On an average day I literally cannot remember my own name or speak in full sentences until I have imbibed at least four cups of strong coffee. I wear my clothes inside out to work. (They’ve stopped telling me out of either sympathy, embarrassment or fatigue – so now I find out halfway through the day when my bleary eyes can actually focus on the mirror in the toilets). I honest-to-God tried to feed the cat Cheerios instead of cat food this morning. Earlier this week I left my purse in the damn freezer.

Please send help.

10. Inconsistency
They back track, change their minds with alarming alacrity, and deny ever having held any other viewpoint despite all of the compelling evidence to the contrary.

“I wanted the pink cup! No the blue one! I said pink! Not that pink one! WHY AREN’T YOU LISTENING TO ME??? Bluuuuuueeee!”

11. Poor spelling
The Big Small is new to literacy, and not a fan. On the occasions she is persuaded to read and write, her phonetic spelling is definitely Trump-worthy. She recently put a label on a stuffed cat that read ‘ckety’ (kitty).

12. Repeating catchphrases
Less ‘America First’ and more:
“It’s not fair!”
“She started it!”
“I don’t like my Mummy!”
“Eeew- Diss-gust-in!”
“Nooooooooo!”
“More Peppa Piiiiiiiig!”

13. Pointing
Usually accompanied by “Dat one. Want dat one, Mama.”

14. They don’t believe in climate change
To be honest, they don’t really get the whole weather thing. If it’s raining out the front of they’ll go check round the back. This is consistently disappointing.

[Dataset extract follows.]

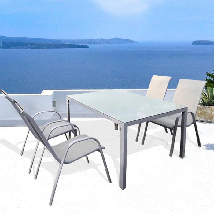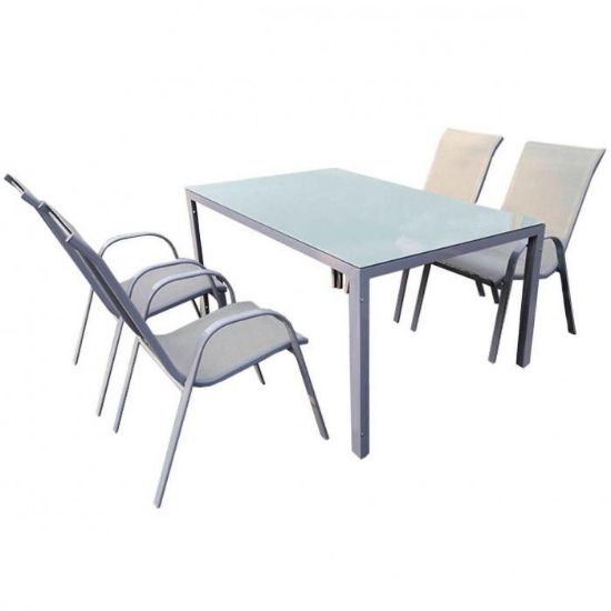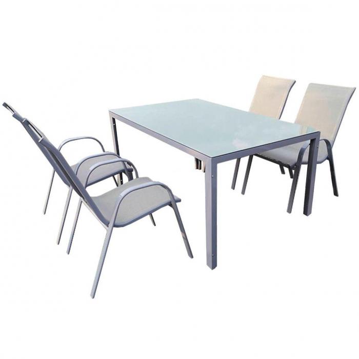 Elegancki stół ze szklanym blatem będzie pasował na niejeden taras lub ogród. Rama metalowa malowana proszkowo oraz blat malowany na matowy kolor dają ciekawy designu. Blat stołu wykonany został ze szkła hartowanego, które jest wytrzymalsze na uszkodzenia. Do kompletu są krzesła, których siedzisko i oparcie wykonane są tkaniny tekstylen.

15. They peddle ‘alternative facts’ with aplomb
“I didn’t push her Mummy! I just moved her off the sofa with my bottom.”

16. They zealously protect their own interests
Which often leads to:

17. Indifference to domestic violence
Which they practice on each other at regular intervals. (Before attempting 15).

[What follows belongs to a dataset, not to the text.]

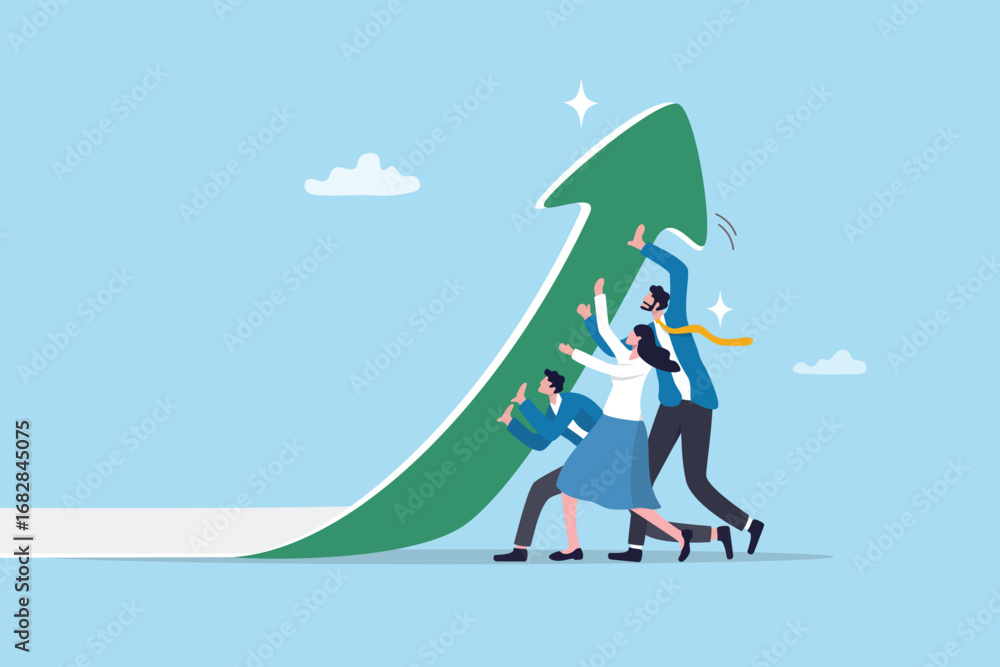 Quadro su tela Improvement, change or growing business, motivation or aspiration to success, development effort or challenge concept, business people teamwork help push arrow upward metaphor improvement or growth

18. They like to grab me by the pussy
Well, ok, not the pussy, I admit. But the arm, leg, boob, hair and neck are all fair game, certainly. And then they just start kissing me. They don’t even wait. They can do anything.

I’m pretty just an object to them.

19. They believe if they behave in an extreme enough manner for long enough, they will either inure me to their misdemeanors or wear me down so I’m too tired to continue to protest them.
Sadly this belief is not without foundation. See no 9.

20. Wild hair
The Small Small, at least, still has some baby fuzz left. First thing in the morning it looks remarkably like a Trump quiff.

21. Pouting
Let’s just say that if my children were to walk into a wall, their bottom lips would hit it first.

22. They think Trump/s is/are pretty clever and amusing

23. Tiny hands

I rest my case.

I think it’s clear that my children are natural born Trump supporters and I am harbouring closet fascists right here in Sheffield.

Either that, or the President of the United States acts like a huge, orange child, and we’re all completely fucked.

Anyway, I plan to swap out ‘The Gruffalo’ for ‘The Communist Revolution’ this evening, just in case.

Remember, we must resist the children, however cute they may be when sleeping. They can take our freedom, but they will never take our… Never mind. They pretty much take everything.